Material to process -
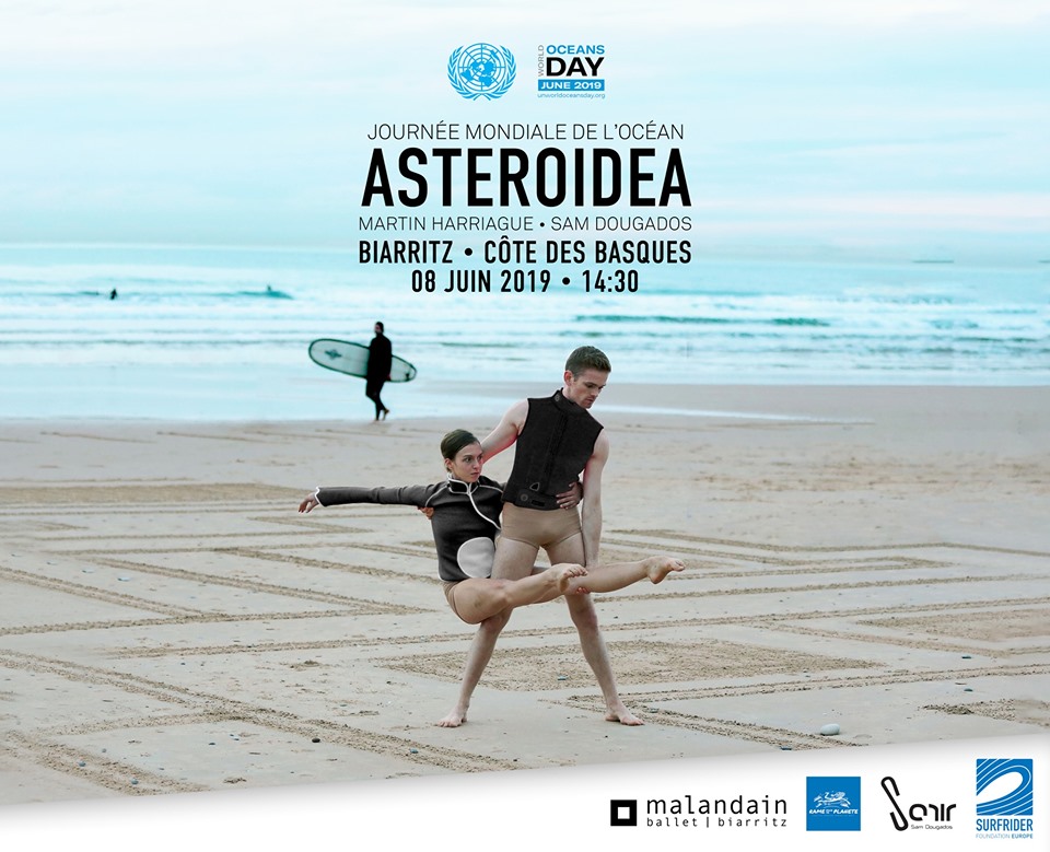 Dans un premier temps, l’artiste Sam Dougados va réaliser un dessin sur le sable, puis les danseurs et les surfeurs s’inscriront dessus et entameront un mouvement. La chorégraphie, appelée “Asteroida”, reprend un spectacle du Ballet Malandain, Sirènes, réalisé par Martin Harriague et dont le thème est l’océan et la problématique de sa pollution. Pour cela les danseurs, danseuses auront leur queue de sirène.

...

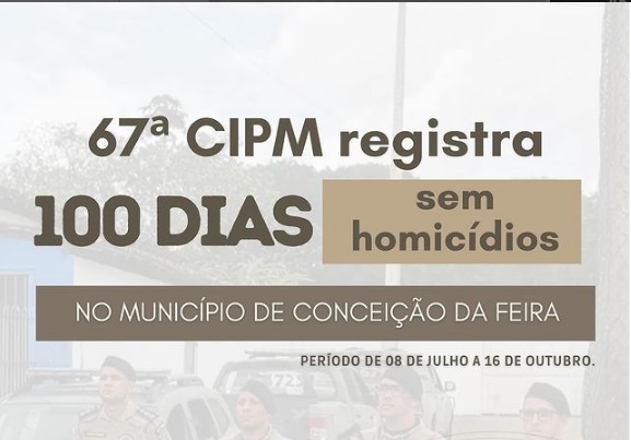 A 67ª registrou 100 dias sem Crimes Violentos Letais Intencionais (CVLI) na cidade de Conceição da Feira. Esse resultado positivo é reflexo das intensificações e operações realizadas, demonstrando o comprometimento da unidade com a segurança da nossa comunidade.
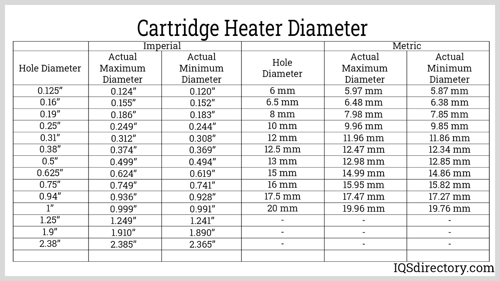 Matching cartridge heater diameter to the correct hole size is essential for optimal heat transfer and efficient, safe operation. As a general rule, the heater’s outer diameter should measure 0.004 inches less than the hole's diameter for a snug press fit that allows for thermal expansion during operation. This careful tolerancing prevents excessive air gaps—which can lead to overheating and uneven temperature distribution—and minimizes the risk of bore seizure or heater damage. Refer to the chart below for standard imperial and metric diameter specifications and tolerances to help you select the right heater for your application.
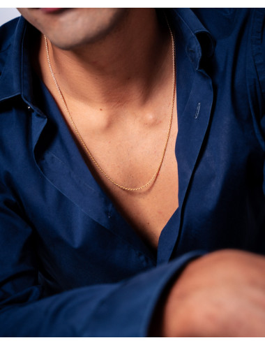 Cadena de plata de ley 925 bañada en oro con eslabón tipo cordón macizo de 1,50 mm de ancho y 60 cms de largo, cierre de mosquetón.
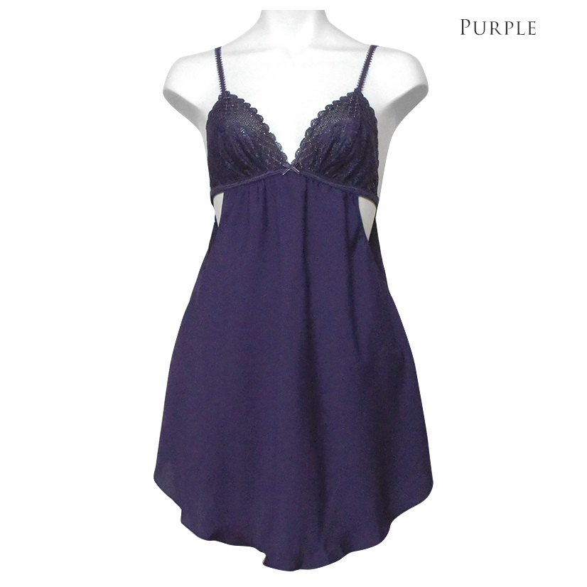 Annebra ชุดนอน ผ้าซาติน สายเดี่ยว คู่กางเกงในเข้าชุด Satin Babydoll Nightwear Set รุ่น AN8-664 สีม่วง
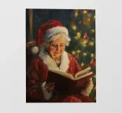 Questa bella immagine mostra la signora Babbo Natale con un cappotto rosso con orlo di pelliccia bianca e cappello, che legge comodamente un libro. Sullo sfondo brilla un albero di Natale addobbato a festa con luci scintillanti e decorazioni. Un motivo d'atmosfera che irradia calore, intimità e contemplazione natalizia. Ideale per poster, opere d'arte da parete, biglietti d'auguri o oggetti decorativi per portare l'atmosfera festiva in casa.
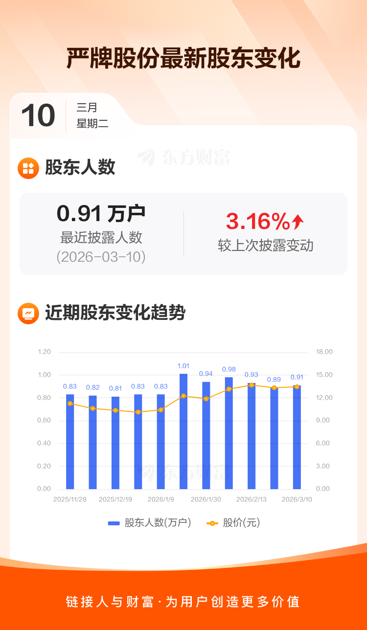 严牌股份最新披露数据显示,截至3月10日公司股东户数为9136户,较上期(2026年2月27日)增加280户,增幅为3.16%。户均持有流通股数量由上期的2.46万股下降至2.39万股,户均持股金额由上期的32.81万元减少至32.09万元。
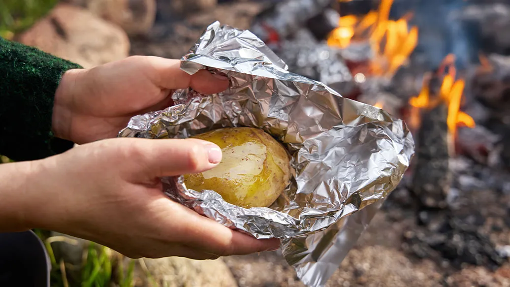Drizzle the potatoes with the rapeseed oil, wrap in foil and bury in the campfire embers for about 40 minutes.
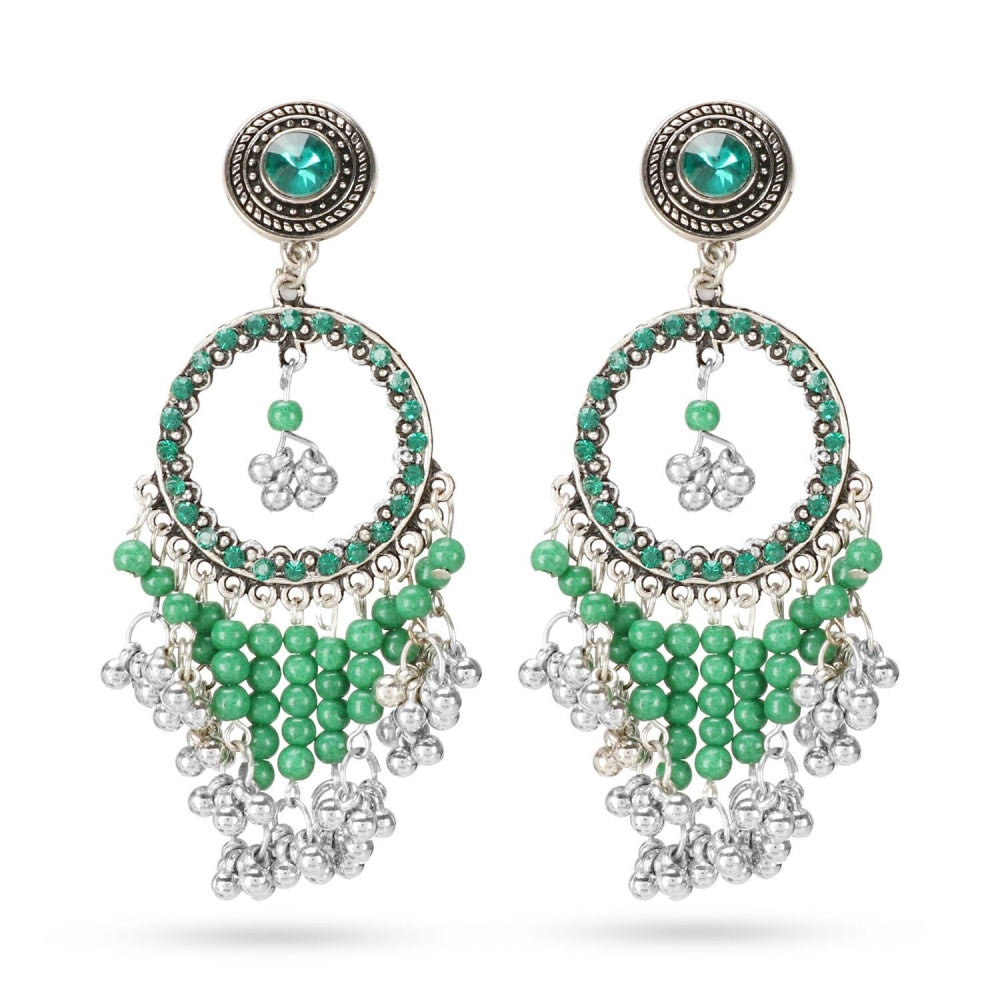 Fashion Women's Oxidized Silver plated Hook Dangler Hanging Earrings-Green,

About this exercise -
Starting at the line above that holds "严牌股份最新披露数据显示,截", return each line up to and including the one that holds "Fashion Women's Oxidized", exactly as written, minus any pictures.

Output for this task -
 严牌股份最新披露数据显示,截至3月10日公司股东户数为9136户,较上期(2026年2月27日)增加280户,增幅为3.16%。户均持有流通股数量由上期的2.46万股下降至2.39万股,户均持股金额由上期的32.81万元减少至32.09万元。
Drizzle the potatoes with the rapeseed oil, wrap in foil and bury in the campfire embers for about 40 minutes.
 Fashion Women's Oxidized Silver plated Hook Dangler Hanging Earrings-Green,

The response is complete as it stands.